:: About this task ::
Could you restate all of the records below exactly, with the pictures left out?

Items from a data source:
§

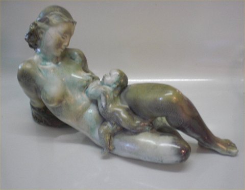 Dansk Keramik Michael Andersen Bornholm Mor med barn ca 23 x 42 cm
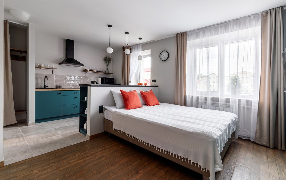 «Апартаменты на Ожешко 39А/1» готовы принять гостей в сердце одного из самых умиротворенных уголков Гродно, где тишина улицы гармонично сочетается с щедрой зеленью окружающего ландшафта. Выгодное расположение обеспечивает легкую связь со всеми ключевыми точками города, превращая каждую поездку в удовольствие. Пространство, оформленное в лаконичном современном стиле, наполнено заботой о деталях — здесь каждая вещь на своем месте, создает атмосферу продуманного уюта. Панорамные окна дарят интерьерам обилие естественного света и открывают перспективу на живописные виды, меняющие свой характер в зависимости от времени суток.
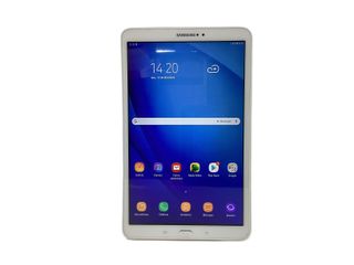 Tablet Samsung de 10 pulgadas. Modelo SM-T535. Color blanco. Solo carga hasta el 65%. Dispone de ranura para tarjeta SIM y poder realizar llamadas desde la tablet. Obsoleta 20 años . 16 GB con posibilidad de introducir tarjeta SD
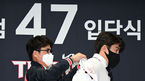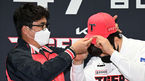 [OSEN=광주, 이대선 기자] 19일 오후 광주 기아챔피언스필드에서 자유계약선수(FA) 계약으로 팀에 합류한 나성범의 입단식이 열렸다.KIA 장정석 단장이 나성범에게 모자를 씌워주고 있다. 2022.01.19 /sunday@osen.co.kr
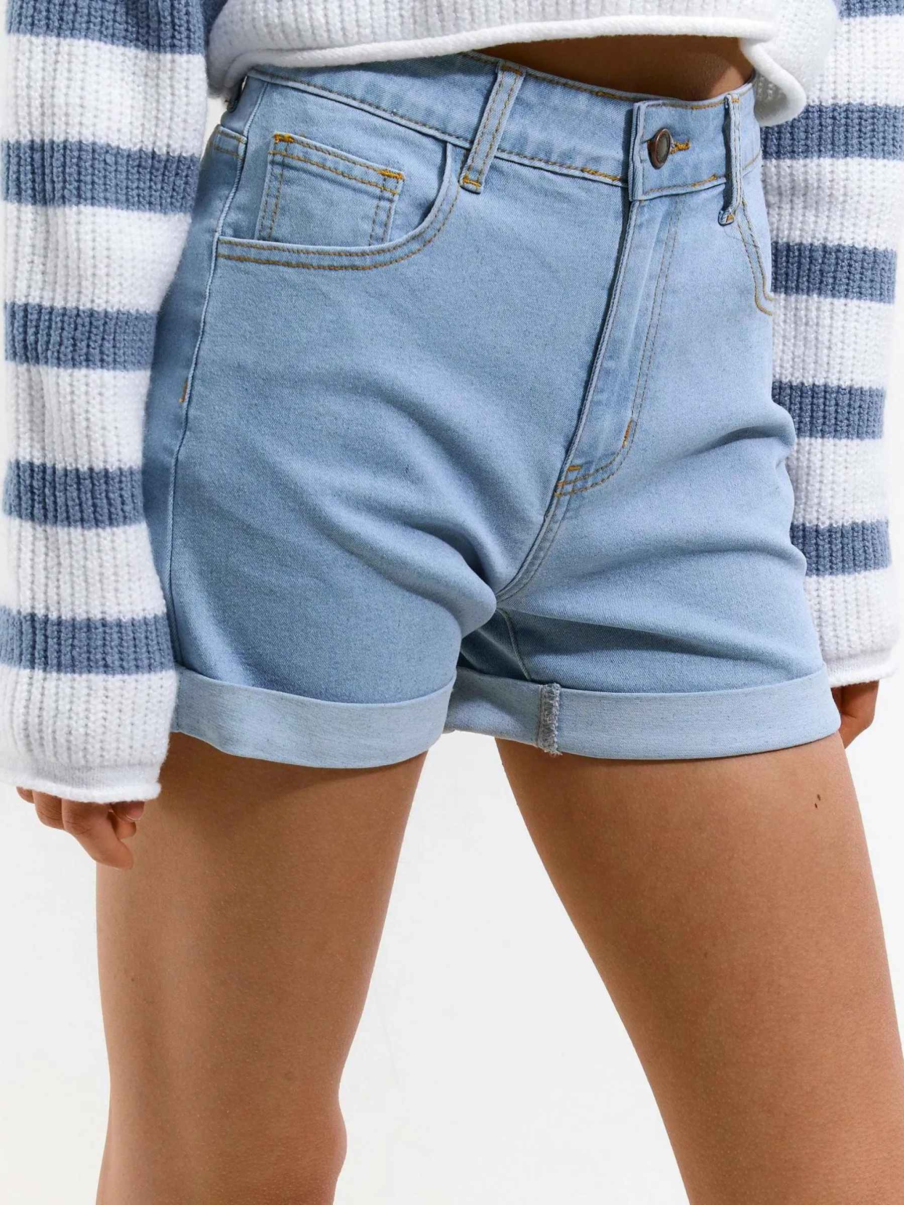 Kolor: niebieskiKrój: straightTyp: spodenkiDługość: krótkiPattern style: pojedynczy kolorMateriał: dżinsowePłeć…
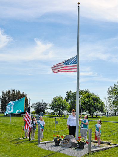 Brownie Scouts conduct the flag ceremony during the 2014 Memorial Day ceremony.

§

:: Answer to this task ::
 Dansk Keramik Michael Andersen Bornholm Mor med barn ca 23 x 42 cm
 «Апартаменты на Ожешко 39А/1» готовы принять гостей в сердце одного из самых умиротворенных уголков Гродно, где тишина улицы гармонично сочетается с щедрой зеленью окружающего ландшафта. Выгодное расположение обеспечивает легкую связь со всеми ключевыми точками города, превращая каждую поездку в удовольствие. Пространство, оформленное в лаконичном современном стиле, наполнено заботой о деталях — здесь каждая вещь на своем месте, создает атмосферу продуманного уюта. Панорамные окна дарят интерьерам обилие естественного света и открывают перспективу на живописные виды, меняющие свой характер в зависимости от времени суток.
 Tablet Samsung de 10 pulgadas. Modelo SM-T535. Color blanco. Solo carga hasta el 65%. Dispone de ranura para tarjeta SIM y poder realizar llamadas desde la tablet. Obsoleta 20 años . 16 GB con posibilidad de introducir tarjeta SD
 [OSEN=광주, 이대선 기자] 19일 오후 광주 기아챔피언스필드에서 자유계약선수(FA) 계약으로 팀에 합류한 나성범의 입단식이 열렸다.KIA 장정석 단장이 나성범에게 모자를 씌워주고 있다. 2022.01.19 /sunday@osen.co.kr
 Kolor: niebieskiKrój: straightTyp: spodenkiDługość: krótkiPattern style: pojedynczy kolorMateriał: dżinsowePłeć…
 Brownie Scouts conduct the flag ceremony during the 2014 Memorial Day ceremony.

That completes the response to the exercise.